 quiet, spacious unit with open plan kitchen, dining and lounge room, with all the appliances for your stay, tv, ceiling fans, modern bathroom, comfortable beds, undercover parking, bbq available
________________________
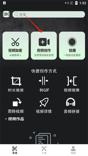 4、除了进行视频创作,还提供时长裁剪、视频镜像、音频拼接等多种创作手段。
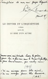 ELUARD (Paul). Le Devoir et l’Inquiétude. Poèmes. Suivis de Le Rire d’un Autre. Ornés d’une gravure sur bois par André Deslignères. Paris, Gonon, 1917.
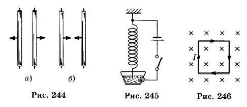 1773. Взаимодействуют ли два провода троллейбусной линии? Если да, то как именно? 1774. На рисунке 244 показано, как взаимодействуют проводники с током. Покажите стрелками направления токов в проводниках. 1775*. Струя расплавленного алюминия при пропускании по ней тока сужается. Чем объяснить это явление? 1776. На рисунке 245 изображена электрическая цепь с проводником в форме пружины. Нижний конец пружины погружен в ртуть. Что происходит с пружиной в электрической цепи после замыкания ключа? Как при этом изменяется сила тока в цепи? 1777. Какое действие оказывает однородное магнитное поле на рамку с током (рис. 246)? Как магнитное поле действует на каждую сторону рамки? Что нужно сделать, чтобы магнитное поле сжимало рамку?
________________________
What you should do:
Return exactly the lines above, from the one with "4、除了进行视频创作,还提供时长裁剪、视频镜像、音频拼接等多种创作手段。" up to and including the one with "1773. Взаимодействуют ли", and include no pictures.

Response below:
 4、除了进行视频创作,还提供时长裁剪、视频镜像、音频拼接等多种创作手段。
 ELUARD (Paul). Le Devoir et l’Inquiétude. Poèmes. Suivis de Le Rire d’un Autre. Ornés d’une gravure sur bois par André Deslignères. Paris, Gonon, 1917.
 1773. Взаимодействуют ли два провода троллейбусной линии? Если да, то как именно? 1774. На рисунке 244 показано, как взаимодействуют проводники с током. Покажите стрелками направления токов в проводниках. 1775*. Струя расплавленного алюминия при пропускании по ней тока сужается. Чем объяснить это явление? 1776. На рисунке 245 изображена электрическая цепь с проводником в форме пружины. Нижний конец пружины погружен в ртуть. Что происходит с пружиной в электрической цепи после замыкания ключа? Как при этом изменяется сила тока в цепи? 1777. Какое действие оказывает однородное магнитное поле на рамку с током (рис. 246)? Как магнитное поле действует на каждую сторону рамки? Что нужно сделать, чтобы магнитное поле сжимало рамку?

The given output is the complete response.